**DATA SECTION**
********************

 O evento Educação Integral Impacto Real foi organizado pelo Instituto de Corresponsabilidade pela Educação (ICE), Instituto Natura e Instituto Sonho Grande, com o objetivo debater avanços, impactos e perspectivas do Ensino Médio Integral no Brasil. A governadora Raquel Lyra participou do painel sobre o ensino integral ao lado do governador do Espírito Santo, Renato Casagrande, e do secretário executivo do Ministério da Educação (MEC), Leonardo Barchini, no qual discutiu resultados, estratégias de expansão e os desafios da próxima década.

********************

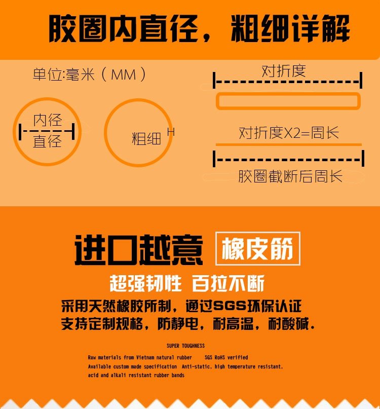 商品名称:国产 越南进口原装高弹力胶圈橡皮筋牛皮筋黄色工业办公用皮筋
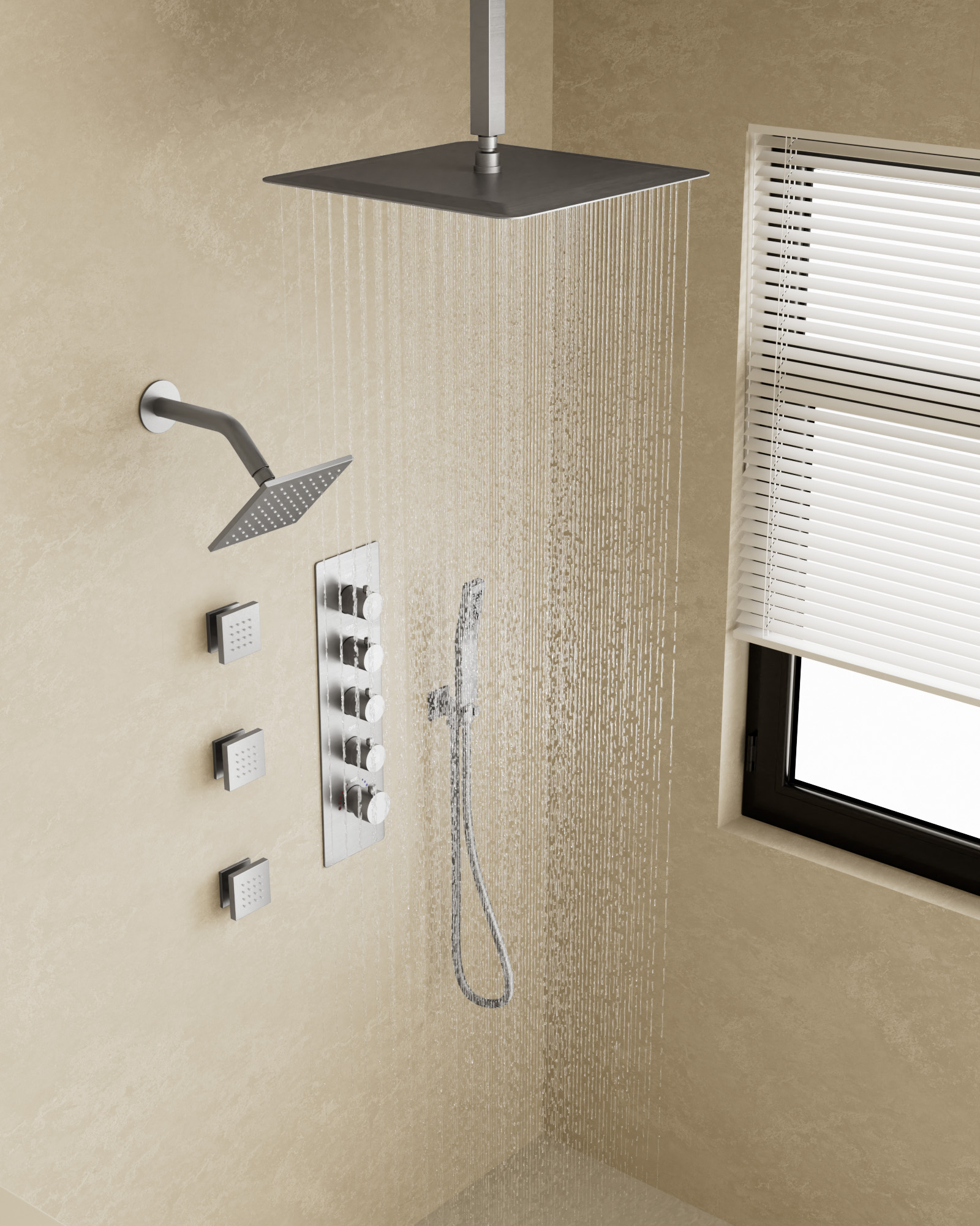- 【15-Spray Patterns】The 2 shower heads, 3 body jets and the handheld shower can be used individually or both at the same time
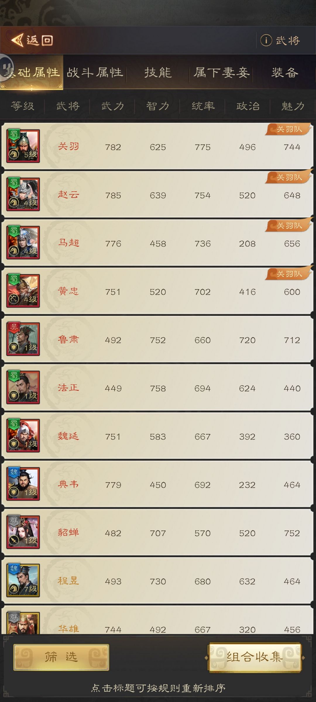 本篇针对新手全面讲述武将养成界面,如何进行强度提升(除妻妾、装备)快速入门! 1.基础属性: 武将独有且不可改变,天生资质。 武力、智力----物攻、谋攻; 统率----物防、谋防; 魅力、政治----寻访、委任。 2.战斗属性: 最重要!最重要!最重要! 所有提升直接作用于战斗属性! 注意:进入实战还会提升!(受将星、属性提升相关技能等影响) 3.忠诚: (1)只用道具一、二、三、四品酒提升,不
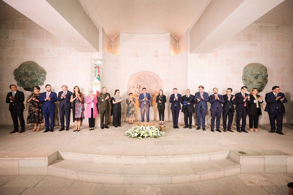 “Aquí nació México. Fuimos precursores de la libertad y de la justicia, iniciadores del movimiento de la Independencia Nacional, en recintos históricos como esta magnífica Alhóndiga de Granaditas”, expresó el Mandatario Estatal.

********************

**TASK TO CARRY OUT**
For this exercise, set down the lines in the entries above from the one with "商品名称:国产 越南进口原装高弹力胶圈橡皮筋牛皮筋黄色工业办公用皮筋" through the one with "- 【15-Spray Patterns】The" exactly as written, without any pictures.

**TASK RESPONSE**
 商品名称:国产 越南进口原装高弹力胶圈橡皮筋牛皮筋黄色工业办公用皮筋
- 【15-Spray Patterns】The 2 shower heads, 3 body jets and the handheld shower can be used individually or both at the same time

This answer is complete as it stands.